Lord Justice Sullivan leaned forward, his face pinched, his mouth drawn tight. “Is there some purpose to this, Sir Oliver? I trust it has not slipped your mind which party you represent in this case?” There was a note of warning in his voice, and his eyes were suddenly flat and hard.
“No, my lord,” Rathbone said respectfully. “I wish to find the truth. It is far too grave and too terrible a matter to settle for anything less, in the interests of humanity.”
Sullivan grunted, and for a moment Rathbone was afraid he had taken his play too far. He glanced sideways at the jury and knew he was right. Relief washed over him with physical warmth. Then he remembered Phillips shivering in Newgate and his horror of dripping water, and his satisfaction vanished. He turned again to Orme. “You and Mr. Durban worked all your duty hours, and many beyond?”
“Yes, sir.” Orme knew not to answer more than he was asked.
“Was this same passionate dedication also true of Mr. Monk?” He had to ask; it was the plan.
“Yes, sir.” There was no hesitation in Orme; if anything, he was more positive.
“I see. It is not surprising, and much to be respected.”
Tremayne was fidgeting in his seat, growing restive at what seemed to be a purposeless reaffirmation of what he himself had just established. He suspected Rathbone of something, but he could not deduce what, and it troubled him.

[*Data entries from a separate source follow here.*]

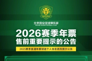 尊敬的球迷朋友,大家好!俱樂部將于春節(jié)假期后啟動2026賽季年票發(fā)售工作。為了方便2025賽季已購年票球迷進行原座位續(xù)購或優(yōu)先選座,請仔細閱讀圖片中的重要提示內(nèi)容
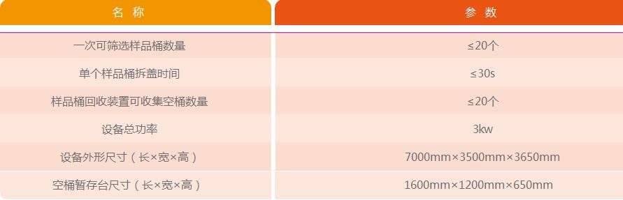 煤樣篩選裝置主要由煤樣桶自動篩選及輸送裝置、自動開蓋裝置、自動提桶倒料裝置、空桶回收平臺、桶蓋回收裝置及電控系統等組成。通過與管控系統聯接,自動識別煤樣批次編碼并篩選出需制備的煤樣。
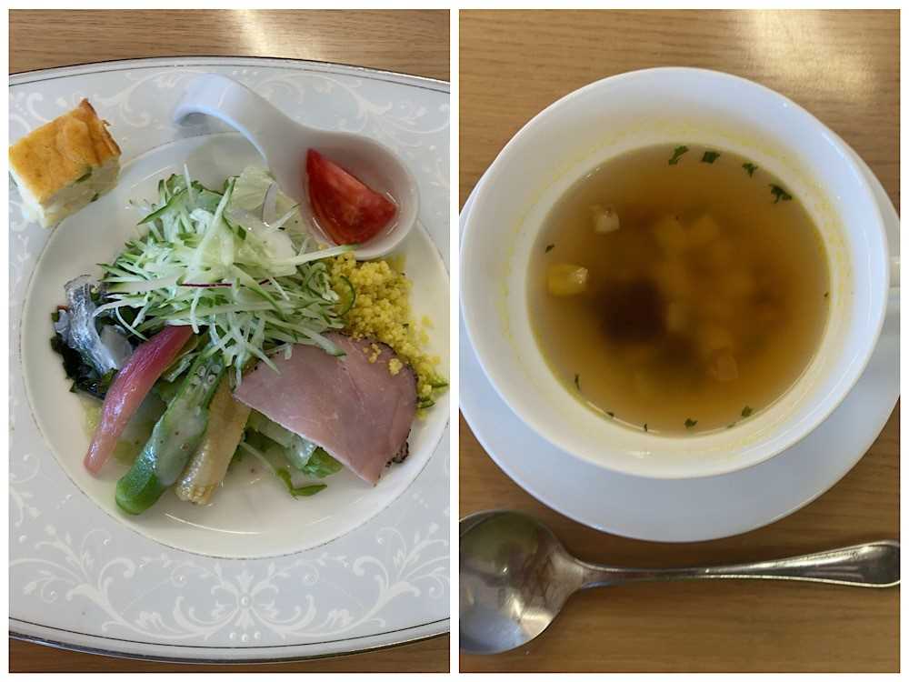最初に運ばれてきたサラダは、オクラやトマトなど種類豊富な野菜や海藻がたっぷり!
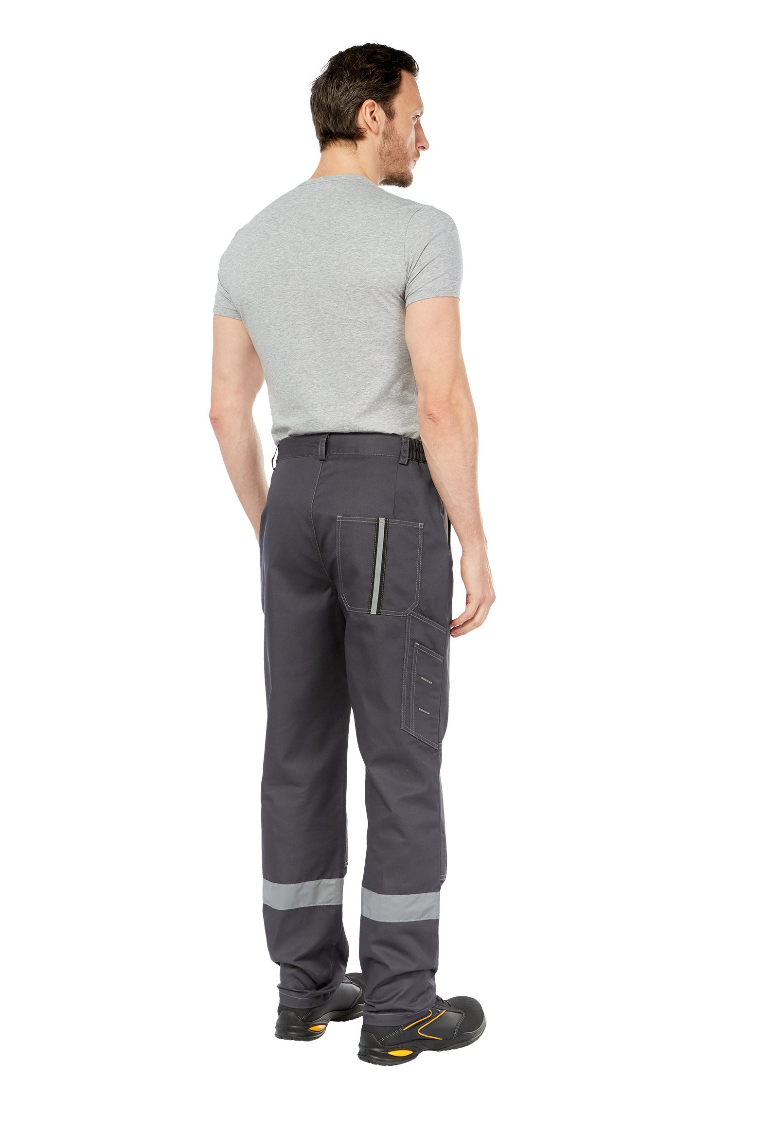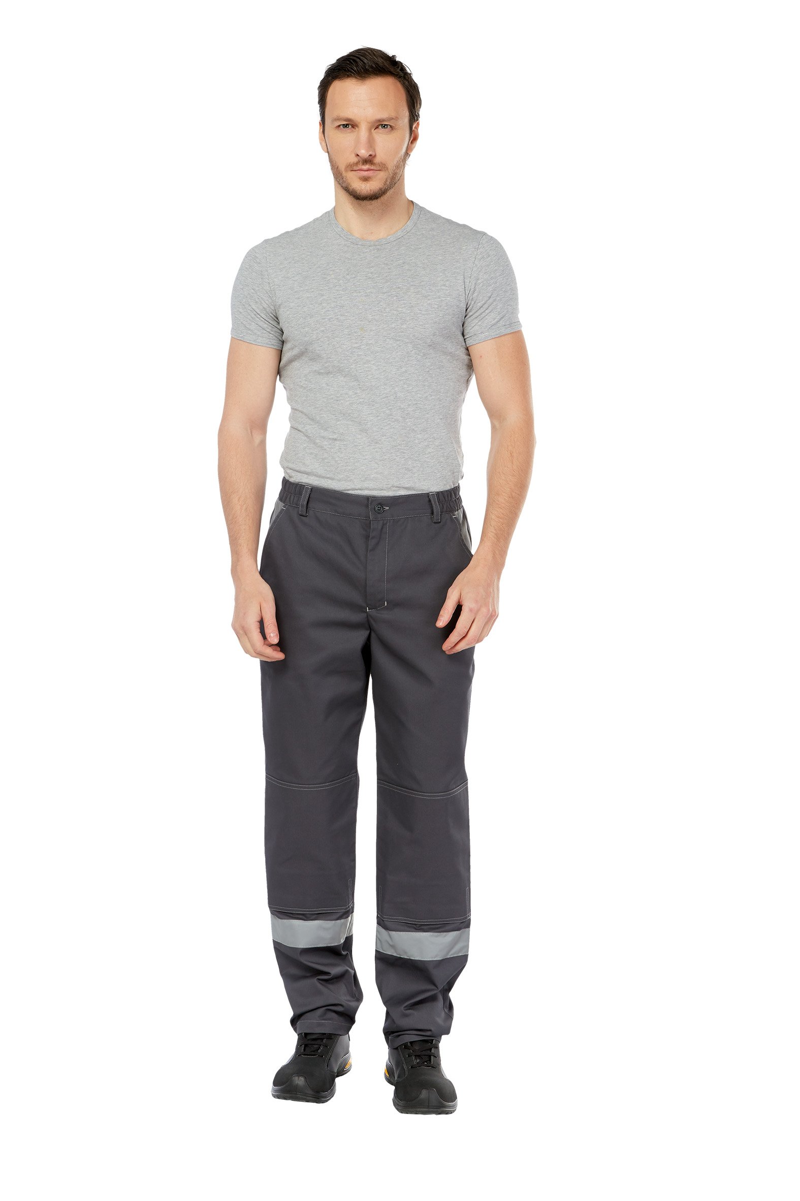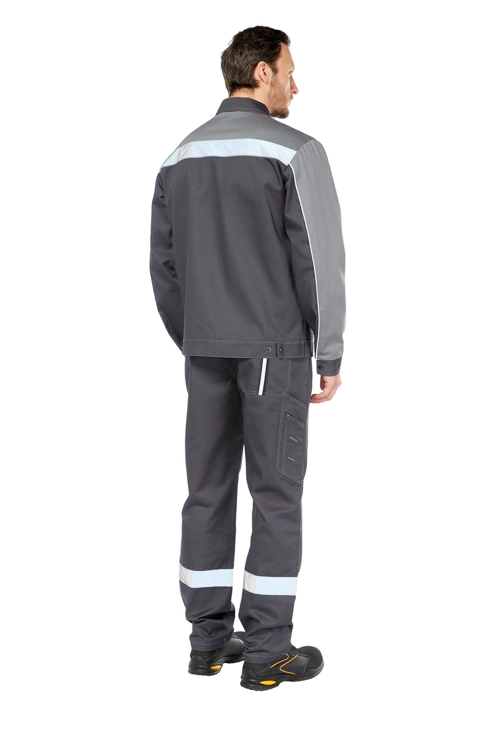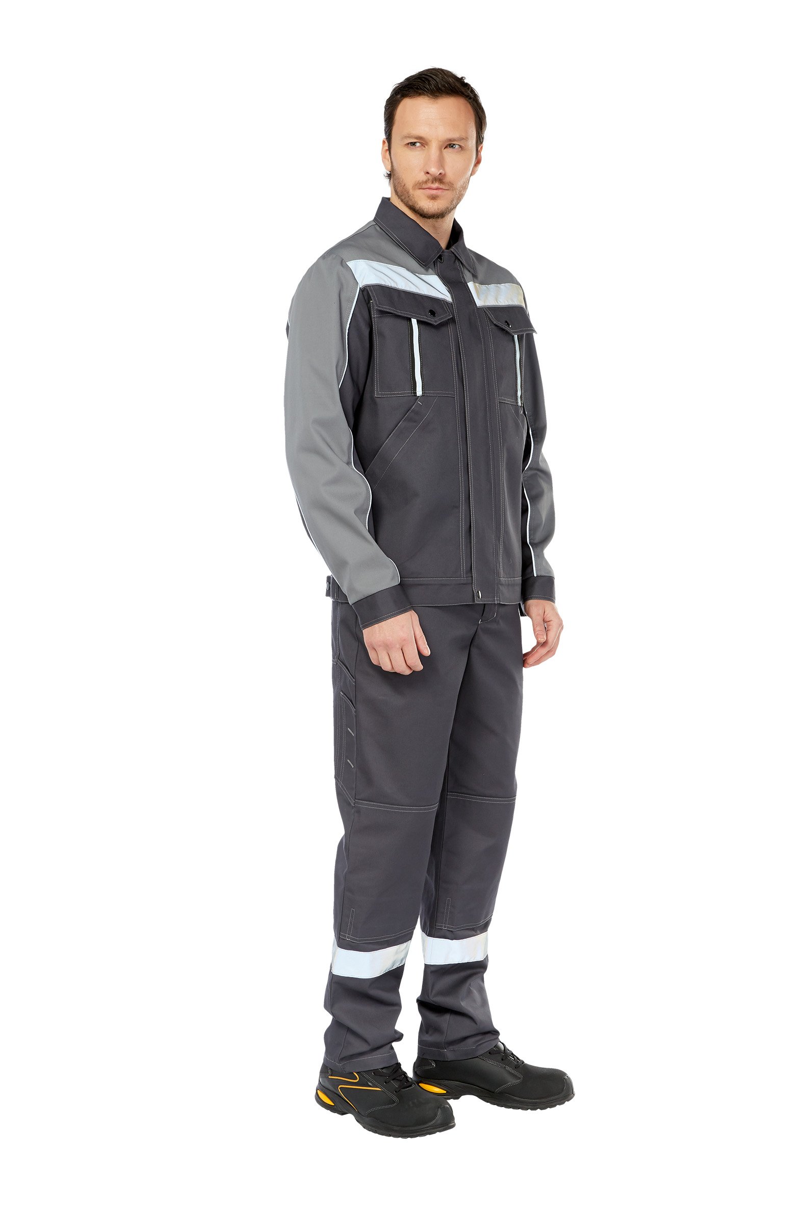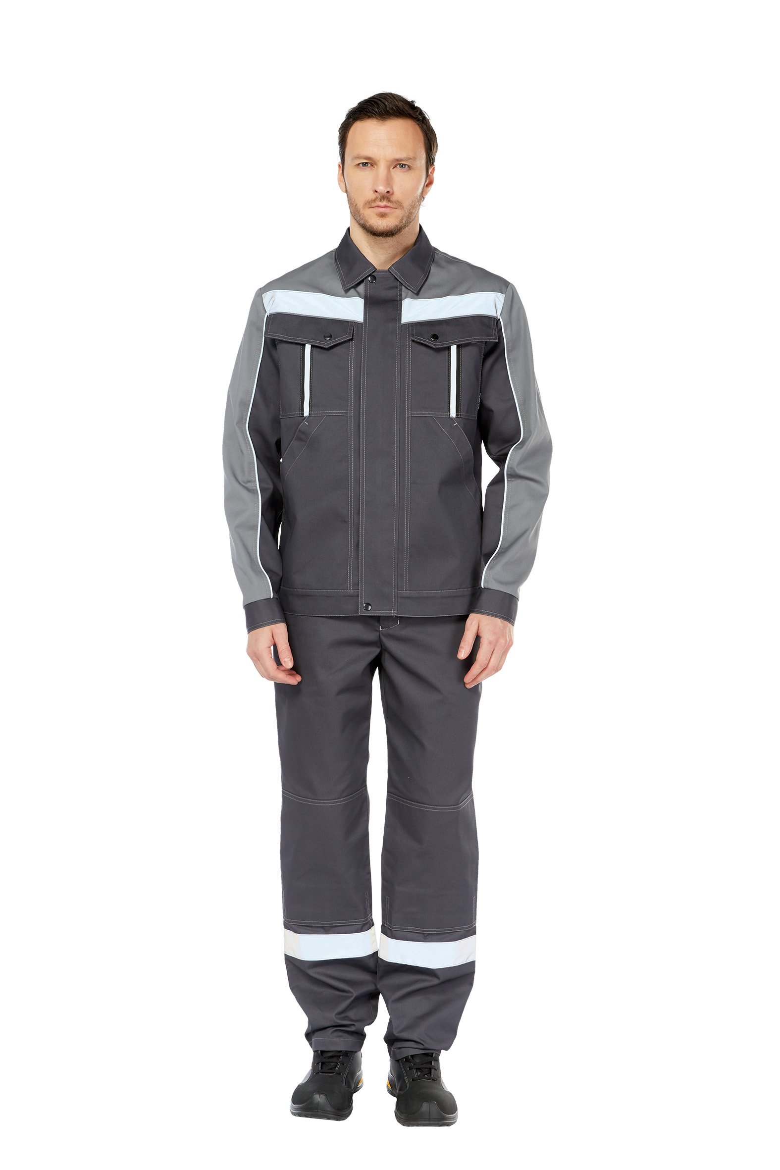 Для обеспечения безопасности в условиях плохой видимости - на кокетках куртки и по низу брюк широкие световозвращающие полосы, на карманах куртки, брюк и вдоль рукавов узкие световозвращающие элементы.

The jury was merely puzzled.
Rathbone knew he must make his point now. One by one he touched on the evidence that first Durban and then Monk had pursued, asking Orme for the facts that specifically connected the abuse of the boys to Phillips's boat. Never once did he suggest that it had not happened, only that the horror of the facts had obscured the lack of defining links to Phillips.
The boat existed. Boys from the age of five or six up to about thirteen unquestionably lived on it. There were floating brothels for the use of men with any kind of taste in sexual pleasures, either to participate, or merely to watch. There were pornographic photographs for sale in the dark alleys and byways of the river. What unquestionable proof had Durban, Monk, or Orme himself found that the boys so abused were the ones to whom Phillips gave a home?